While most historians now see the story of empire as tightly interwoven with the story of Europe – you cannot imagine, for example, the history of World War I without the involvement of millions of soldiers and workers from India, North Africa, Senegal and Southeast Asia – the opposite is true for guidebook authors, who depict colonisation as something that happened “over there” but ended a long time ago. They tend to minimise the connection between yesterday’s imperialism and today’s social problems. Read some of them, and you would not even know Europe had any social problems and certainly not any issues related to race.

Travel writing itself is thousands of years old, with examples from virtually every culture. We find elements of the traveller’s encounter with “the other” in works as disparate as the Iliad, the Malian epic Sundiata and Ibn Battuta’s Rihla. But the late 19th-century explosion in the genre’s popularity was intimately linked to the expansion of European imperialism. Travel writers like Gertrude Bell, Edward Lane and Gerard de Nerval made far-flung places and Black and Brown people seem both exotic and intimate. That approachability demonstrated how the projection of imperial power could help travellers feel safe in “uncivilised cultures”. At its worst, the travel writing of the 19th century racialised and infantilised non-Europeans. At its best, it suggested a decent hotel in Damascus.

If travel writing in some ways paved the way for European colonisation or at least its popular acceptance, one of the long-term impacts of colonisation was to make Europe itself far more diverse. Non-white migrants from across the empires came to the metropole as students, workers, soldiers and spouses. But they were rarely afforded the rights and privileges enjoyed by native Europeans. These had to be fought for; they are still being fought for today in movements similar and parallel to Black Lives Matter.

The history of discrimination and disenfranchisement of BIPOC in Europe does not mirror that of the US, but it is no less central, and it should be no less obvious to even a casual student of European society. In other words, well-travelled guidebook authors have to consciously exclude it.

Shades of European whiteness

So, are the various shades of European whiteness simply what sells to tourists? Guidebooks may be about other places, but they are principally about the expectations of the home country audience. They reflect our expectations and desires as much as the lived reality of the destination. Americans’ disinterest in thinking critically about our own imperial ventures may be part of it too.

In this sense, it is hardly surprising that guidebooks avoid addressing social issues head-on. No one goes to France to learn about how labour strikes work, and no successful publication would devote as much attention to Paris’s poor (and diverse) eastern suburbs as it did to the Latin Quarter. But is it too much to ask guidebooks to include concise and accurate descriptions of European empire and to include some of the contributions diverse groups have made to European society? Are these not a central part of the European story?

Tourists stroll along the Sant’Angelo bridge leading up to Castel Sant’Angelo, also known as the Mausoleum of Hadrian, during a sunny day in Rome [File: AP Photo/Andrew Medichini]

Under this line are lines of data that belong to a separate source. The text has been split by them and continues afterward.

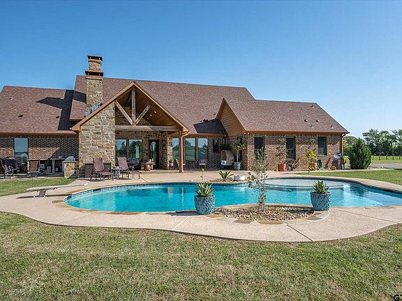 Welcome to your private oasis nestled in the heart of East Texas! This stunning 23+acre property in the highly sought-after Martins Mill ISD offers the perfect blend of peaceful country living and modern comfort. Featuring 4 spacious bedrooms, with option for office, and 2,623 sqft of thoughtfully designed living space, this home is ideal for both relaxing getaways and everyday living. Step outside to your personal outdoor paradise—take a dip in the sparkling pool with a diving board, soak up the sun on the generous sunbathing deck, or unwind in the outdoor living area complete with a built-in grill and cozy wood-burning fireplace. Whether you're entertaining friends or enjoying a quiet evening under the stars, the panoramic countryside views and breathtaking sunsets make every moment special. Additional highlights include dual road access for convenience and a serene pond that adds to the property's charm and tranquility. Located just minutes from the quaint town of Ben Wheeler, you'll enjoy a close-knit community feel with easy access to local shops, dining, and events. The property also features RV & boat storage, a workshop with electricity, half bath, WD hookups and plenty of room to roam, garden, or invite family members and make a homestead for the generations. Surrounding the house are cedar posts with field fence so bring your own Longhorns or a variety of animals and livestock. Inside, you'll find a warm, inviting layout with plenty of natural light and flexible space for family living or hosting. Whether you're looking for a weekend escape or a full-time residence, this property offers the privacy and charm of rural living—while still being conveniently located near local amenities in Athens or Tyler.
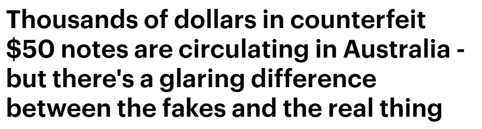 最后给大家提个醒,根据澳洲法律,非法持有或使用假钞将面临高达12年的牢狱之灾。还是别怀有侥幸心理,如果有这种假钞,还是赶紧上交给警察叔叔吧。
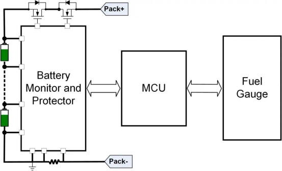 圖1顯示了低壓或中電池的完整BMS的主要結(jié)構(gòu)。燃油表可以是獨(dú)立的IC,也可以嵌入MCU中。 MCU是BMS的中心元素,從AFE和燃油表中獲取信息,并與系統(tǒng)的其余部分接口。
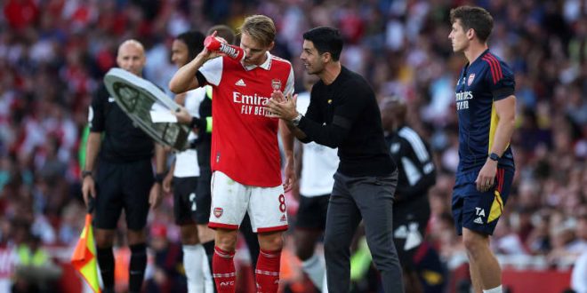 أظهرت لقطات مصورة موقفًا طريفًا بين ميكل أرتيتا، المدير الفني لنادي أرسنال الإنجليزي، واللاعب النرويجي مارتين أوديغارد، خلال تدريبات الفريق، استعداداً للمباريات المقبلة.
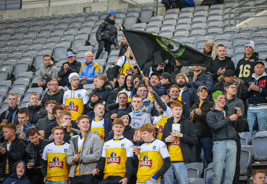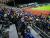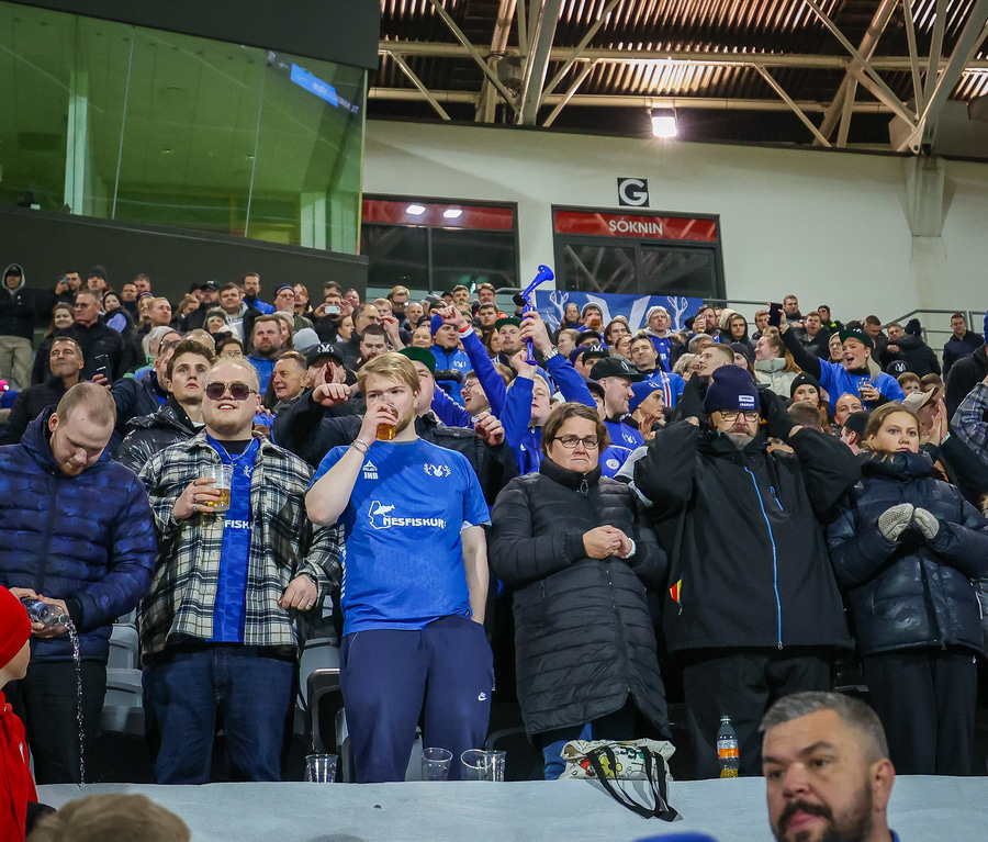 Stuðningsmenn beggja liða byrjaðir að syngja og tralla 30 mínútum fyrir leik, til fyrirmyndar.
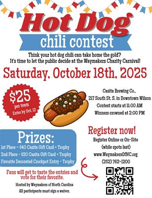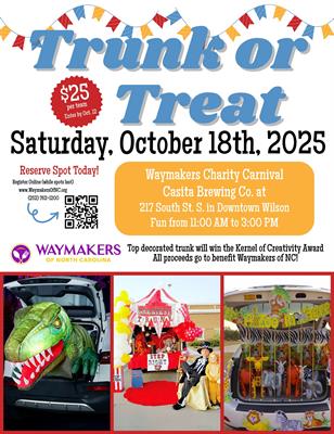 Waymakers of NC is hosting our Charity Carnival on Saturday, October 18th, 2025 at Casita Brewing Co. in Downtown Wilson!

If virtually all guidebooks are guilty of these erasures, what sets the bar a bit higher for Steves is his insistence that his methods of travel are a way of understanding one’s self and one’s own society better. In his 2003 book, Travel as a Political Act (since reissued), he argues somewhat persuasively that we travel to find difference, to understand it and to use some of what we learn in our own society. It is as trite as a fortune cookie, but it is still compelling, which makes it all the more surprising how Steves, in particular, writes BIPOC experiences out of the story of Europe.

For decades, Steves – who declined to be interviewed – has peddled a clear vision of European tourism. He tries to steer readers away from tourist traps towards locally run hotels and restaurants and to cities and towns that had long been off the beaten path. He shows concern for sustainability, although his promotion of places like Cinque Terre in Italy has helped make them some of the most crowded destinations in Europe. His archetypal reader probably backpacked around the European hostel circuit a few decades ago, is ready to upgrade, but wants something more authentic than package tours and bland exurban hotel buffets. It is a noble cause.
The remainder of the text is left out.